Instructions to follow ▸ All lines below starting at the one that holds "Another 4 year" and ending at the one that holds "blue hawaiian pineapple, lime, lemon" should be printed exactly, ends included. Pictures should not be printed, nor anything else.

Provided data ▸
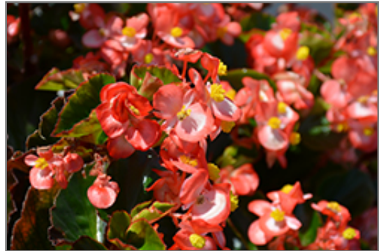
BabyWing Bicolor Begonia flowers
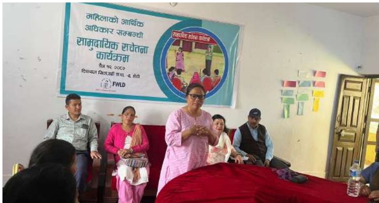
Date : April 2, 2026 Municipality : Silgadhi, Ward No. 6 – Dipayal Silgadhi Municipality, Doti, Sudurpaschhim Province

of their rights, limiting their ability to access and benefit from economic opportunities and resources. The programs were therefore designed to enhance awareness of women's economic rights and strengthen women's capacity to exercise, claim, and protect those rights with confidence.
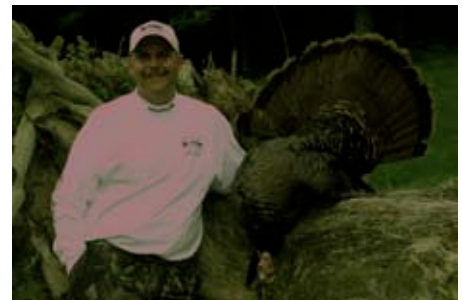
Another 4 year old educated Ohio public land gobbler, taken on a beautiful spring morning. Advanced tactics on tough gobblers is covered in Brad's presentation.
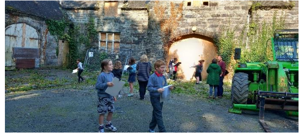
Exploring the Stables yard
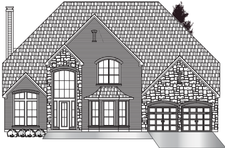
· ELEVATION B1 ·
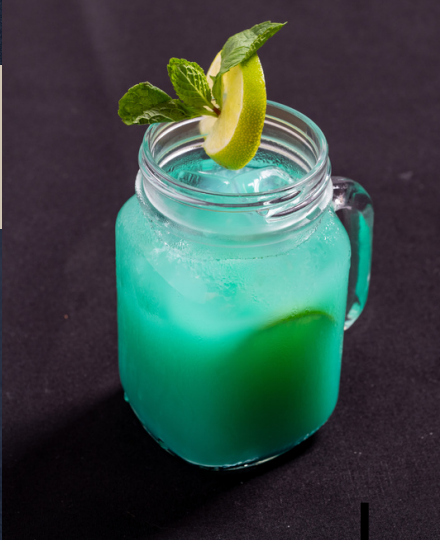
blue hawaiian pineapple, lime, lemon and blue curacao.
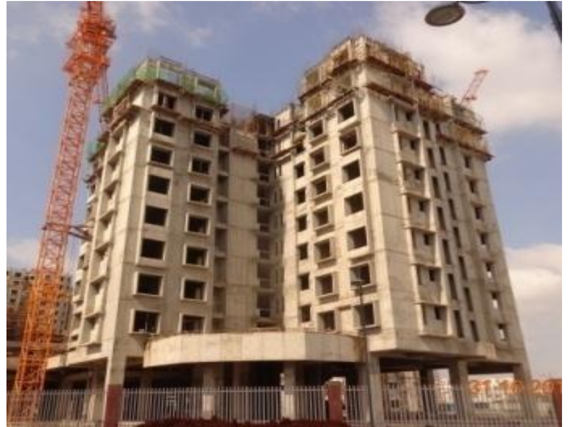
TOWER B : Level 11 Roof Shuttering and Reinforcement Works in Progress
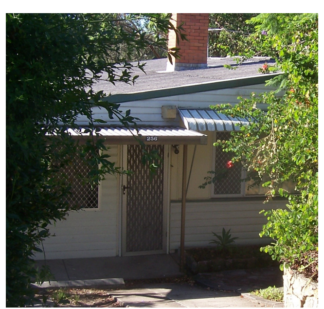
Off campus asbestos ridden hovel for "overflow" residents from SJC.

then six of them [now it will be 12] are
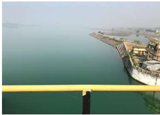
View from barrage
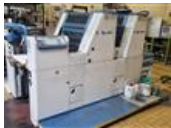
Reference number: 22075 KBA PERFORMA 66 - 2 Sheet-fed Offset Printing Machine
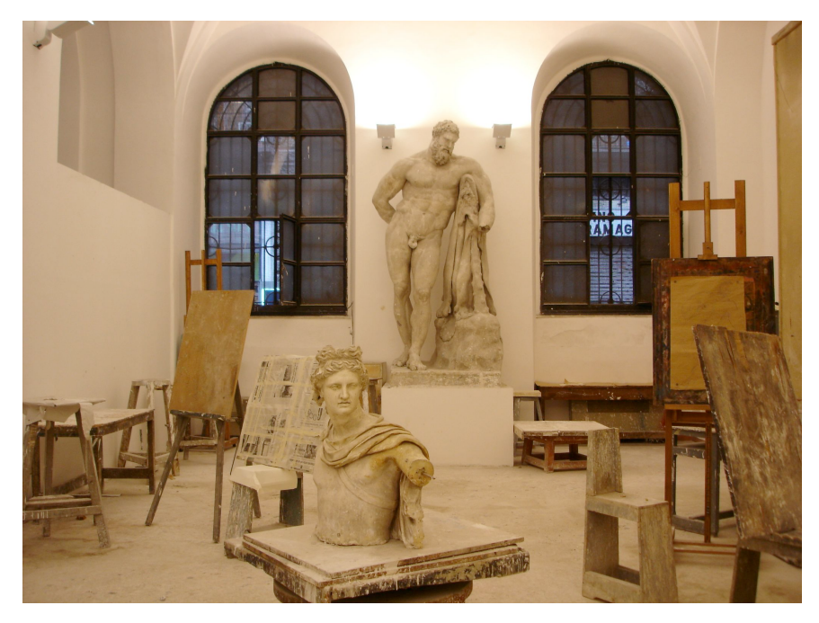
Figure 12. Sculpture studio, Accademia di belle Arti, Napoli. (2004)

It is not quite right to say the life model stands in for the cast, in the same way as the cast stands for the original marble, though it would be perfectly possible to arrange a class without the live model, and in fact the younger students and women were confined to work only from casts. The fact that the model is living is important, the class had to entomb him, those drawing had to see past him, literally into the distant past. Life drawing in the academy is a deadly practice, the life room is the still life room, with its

Written response ▸
Another 4 year old educated Ohio public land gobbler, taken on a beautiful spring morning. Advanced tactics on tough gobblers is covered in Brad's presentation.
Exploring the Stables yard
· ELEVATION B1 ·
blue hawaiian pineapple, lime, lemon and blue curacao.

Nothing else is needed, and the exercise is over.